- _TASK MATERIAL_:
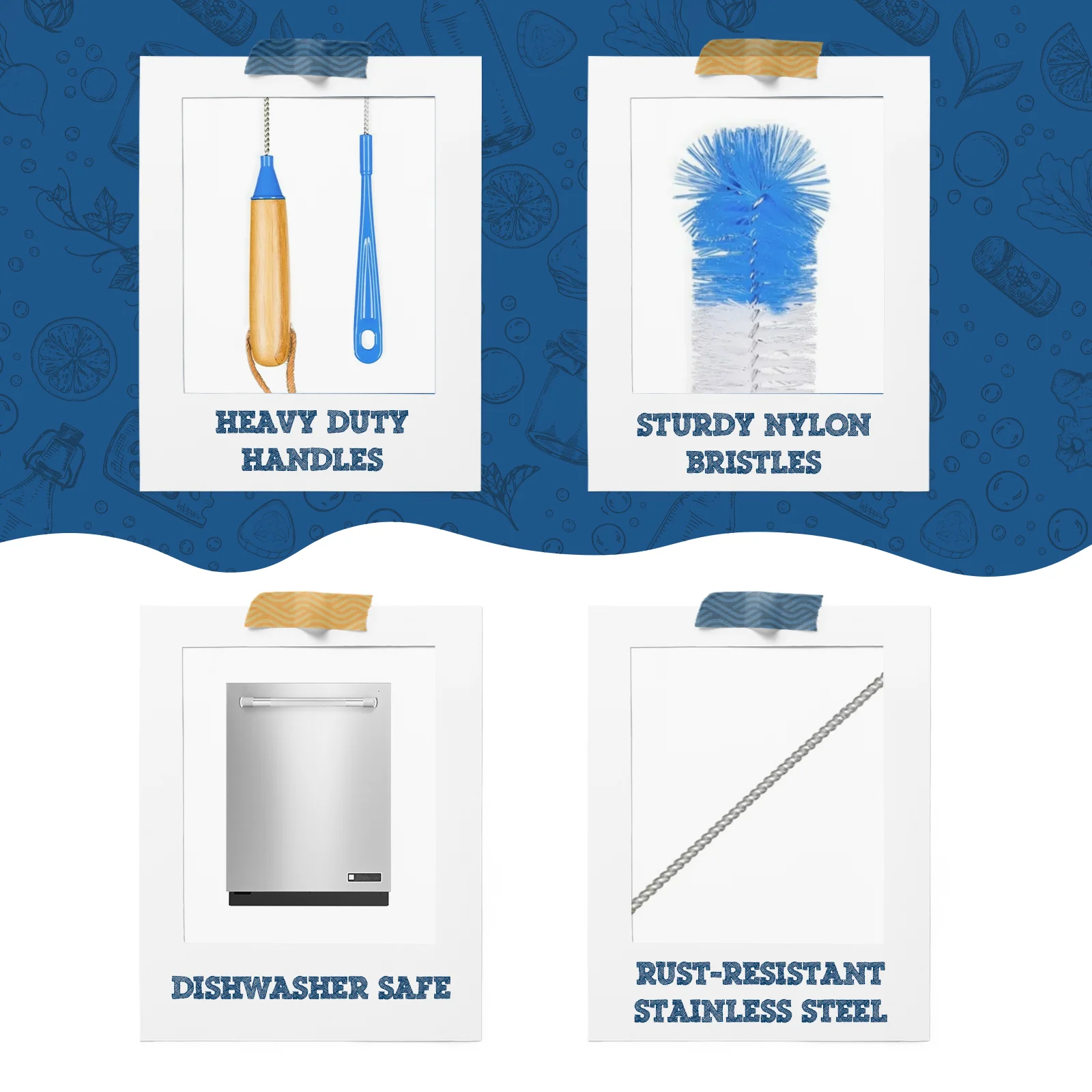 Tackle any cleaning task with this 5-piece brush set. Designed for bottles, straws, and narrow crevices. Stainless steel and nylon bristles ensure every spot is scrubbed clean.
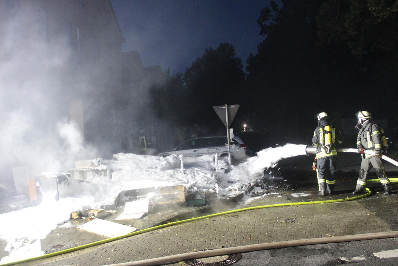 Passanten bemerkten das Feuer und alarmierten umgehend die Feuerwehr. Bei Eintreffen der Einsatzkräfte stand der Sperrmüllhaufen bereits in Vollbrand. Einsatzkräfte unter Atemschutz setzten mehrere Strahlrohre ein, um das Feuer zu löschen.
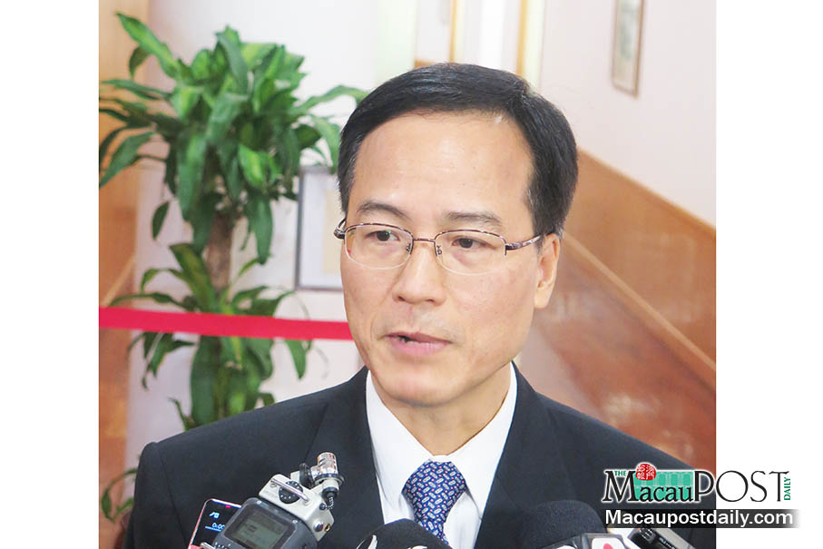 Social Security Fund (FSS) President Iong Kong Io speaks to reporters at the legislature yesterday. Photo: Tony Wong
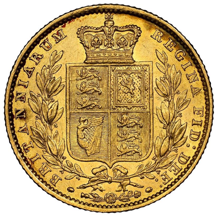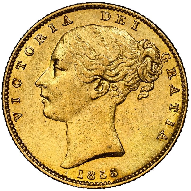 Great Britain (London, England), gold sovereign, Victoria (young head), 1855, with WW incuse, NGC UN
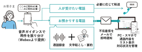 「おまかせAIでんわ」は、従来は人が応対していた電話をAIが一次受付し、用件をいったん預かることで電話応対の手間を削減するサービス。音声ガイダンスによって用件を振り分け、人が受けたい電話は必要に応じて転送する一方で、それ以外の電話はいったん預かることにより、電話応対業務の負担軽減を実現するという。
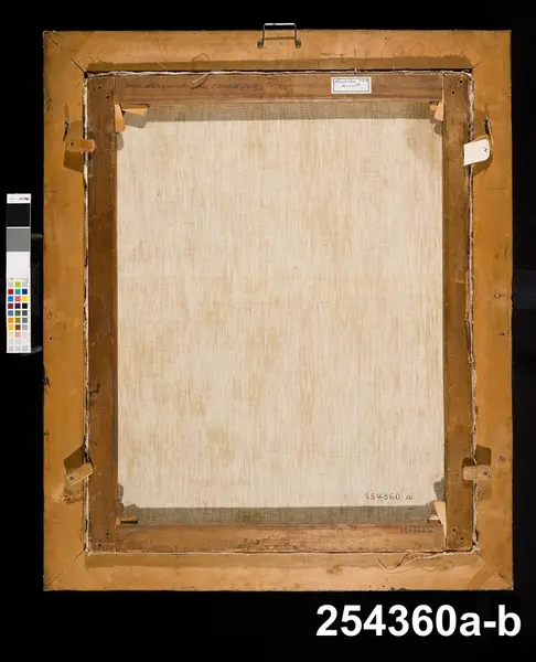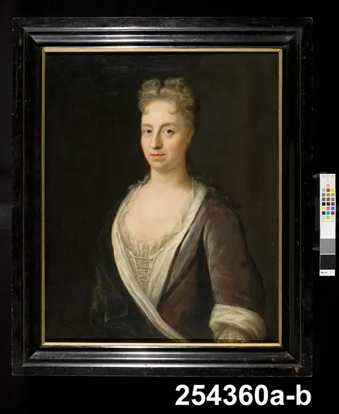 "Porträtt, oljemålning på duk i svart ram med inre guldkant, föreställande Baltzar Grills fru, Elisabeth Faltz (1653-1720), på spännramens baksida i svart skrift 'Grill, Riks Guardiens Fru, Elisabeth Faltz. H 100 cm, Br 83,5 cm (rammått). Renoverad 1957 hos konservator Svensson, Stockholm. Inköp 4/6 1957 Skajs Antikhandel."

---

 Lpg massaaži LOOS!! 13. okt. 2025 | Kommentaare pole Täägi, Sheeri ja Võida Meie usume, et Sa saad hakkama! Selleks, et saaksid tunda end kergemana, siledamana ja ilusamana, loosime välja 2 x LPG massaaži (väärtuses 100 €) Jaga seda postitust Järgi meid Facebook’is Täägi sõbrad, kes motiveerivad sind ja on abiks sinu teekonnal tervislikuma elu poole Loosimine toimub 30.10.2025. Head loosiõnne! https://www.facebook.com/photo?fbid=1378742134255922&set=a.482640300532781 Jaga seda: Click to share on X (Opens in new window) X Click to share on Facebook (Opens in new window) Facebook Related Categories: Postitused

- _WHAT IS BEING ASKED_: With the pictures omitted, copy the entries above exactly from the line containing "Tackle any cleaning" through the line containing "Passanten bemerkten das", both lines included.

- _RESULT BELOW_:
 Tackle any cleaning task with this 5-piece brush set. Designed for bottles, straws, and narrow crevices. Stainless steel and nylon bristles ensure every spot is scrubbed clean.
 Passanten bemerkten das Feuer und alarmierten umgehend die Feuerwehr. Bei Eintreffen der Einsatzkräfte stand der Sperrmüllhaufen bereits in Vollbrand. Einsatzkräfte unter Atemschutz setzten mehrere Strahlrohre ein, um das Feuer zu löschen.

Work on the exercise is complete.